William Somerset Maugham n'est pas l'auteur le plus abordé dans le champ de la littérature anglo-saxonne, malgré l’œuvre considérable qu'il a laissé derrière lui. Il est usuel de le présenter comme un écrivain avec une certaine dose de talent, néanmoins jugée insuffisante pour les critiques de son temps.
"The Moon and Sixpence" est publié en 1919, suivant ce qui est régulièrement considéré comme son magnum opus, "Of Human Bondage". Dès les premières lignes de l'ouvrage, le narrateur nous introduit à son obsession : fréquentant la haute société anglaise du début du XXème siècle, il sympathise avec Amy Strickland, qui entretient un bonheur idyllique avec son mari Charles, courtier en valeurs immobilières. L'image du couple idéal se brise lorsque ce dernier quitte subitement son foyer pour poursuivre ses ambitions de peintre.

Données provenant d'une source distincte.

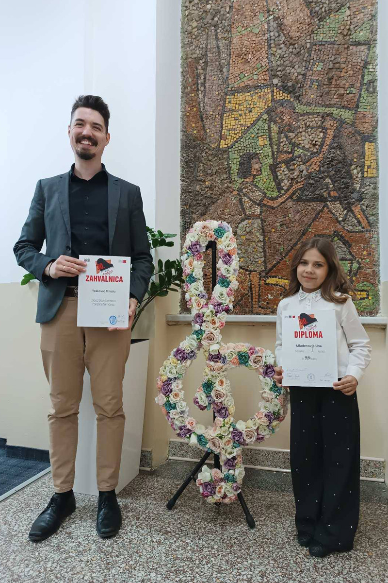 Una je nastupila u pretkategoriji i osvojila prvu nagradu sa 99,50 bodova, potvrdivši svoj talenat, predan rad i ljubav prema muzici. Mlada pijanistkinja pohađa klasu profesora Miloša Toškovića, pod čijim mentorstvom je ostvarila ovaj značajan rezultat.
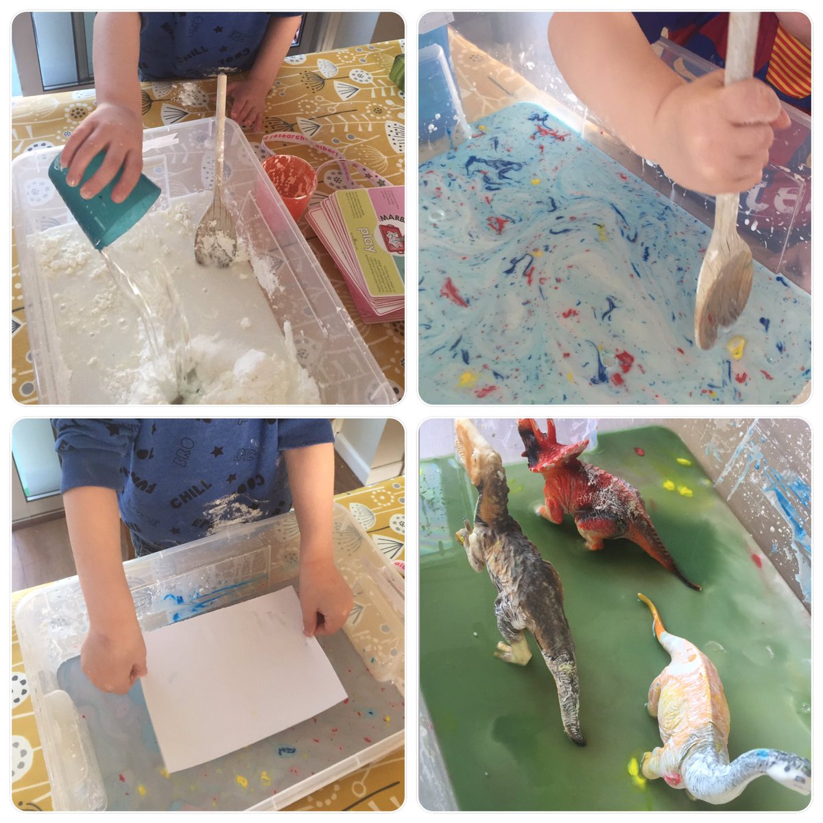It’s been an oobleck kind of day here. Lots of fun making the oobleck, adding colours to create a marbled effect, making prints and of course the best part -getting the dinosaurs involved!

Si la première partie du livre nous fait retrouver tous les lieux communs du roman anglais du début du XXème, comme ses codes sociaux rigides, son hypocrisie ambiante et ses interminables dîners, très vite nous quittons ce mortifère milieu pour suivre Charles Strickland à travers le témoignage des personnes ayant croisé son chemin. L'ouvrage reprend le propre intérêt de l'auteur pour la vie de Paul Gauguin, Maugham ayant même été jusqu'à Tahiti en 1914 afin d'y rencontrer des personnes l'ayant côtoyé.
Le fil rouge du roman s'établit autour de l'énigme constituée par Strickland : archétype du génie hostile et sociopathe, personnage radical au possible, il déclenche chez le narrateur tout un ensemble de questions : qu'est-ce qui peut bien amener un homme à tout abandonner pour l'art ? Quelles conséquences cet idéal, aussi romantique qu'il soit, entraîne-t-il pour son entourage ?
Plus romancier que théoricien, Maugham a cette qualité de ne pas s'épancher dans d’interminables et vaines digressions théoriques. Son style est plutôt situé du côté de la sobriété, semant la juste dose de péripéties pour maintenir notre intérêt. Plus l'intrigue avance et plus s'impose cette frustrante mais fascinante sensation d'être à la fois si proche et si loin de Strickland. Malgré les thèmes abordés, le livre ne déborde jamais : pas d'explosions de sentiments, pas de grands moments d'intensité émotionnelle. Ce qui est à mon sens une qualité car ressort alors la sensation d'une mécanique bien huilée, fluide, laissant intelligemment sa trace sur le lecteur.
Le livre m'a également semblé bien transmettre plusieurs ressentis complexes, comme cette altérité ressentie lorsqu'on rencontre quelqu'un avec des valeurs très éloignées des nôtres. Il développe intelligemment sur l'aspect tyrannique qu'il y a d'être toujours enjoint par soi-même à devoir créer de la beauté au nom d'un idéal. A ce sujet, le titre de l’œuvre renvoie à une remarque d'un critique sur le précédent roman de l'auteur : celui qui cherche la lune ne voit pas la pièce à ses pieds.
Concluons en évoquant la complaisance des personnages envers Strickland, connard misogyne et misanthrope par excellence, dont l'aura est telle que tous se retrouvent séduits malgré ses actions. En 1919 aussi il était difficile de "séparer l'homme de l'artiste" et ce n'est d'ailleurs que depuis quelques années qu'on insiste sur la pédophilie et le colonialisme inhérents à la vie de Paul Gauguin. Est-ce à dire que nous sommes aujourd'hui un peu moins attirés par l'éclat scintillant de la lune ? Cela ne l'empêchera pas pour autant, hélas, de briller.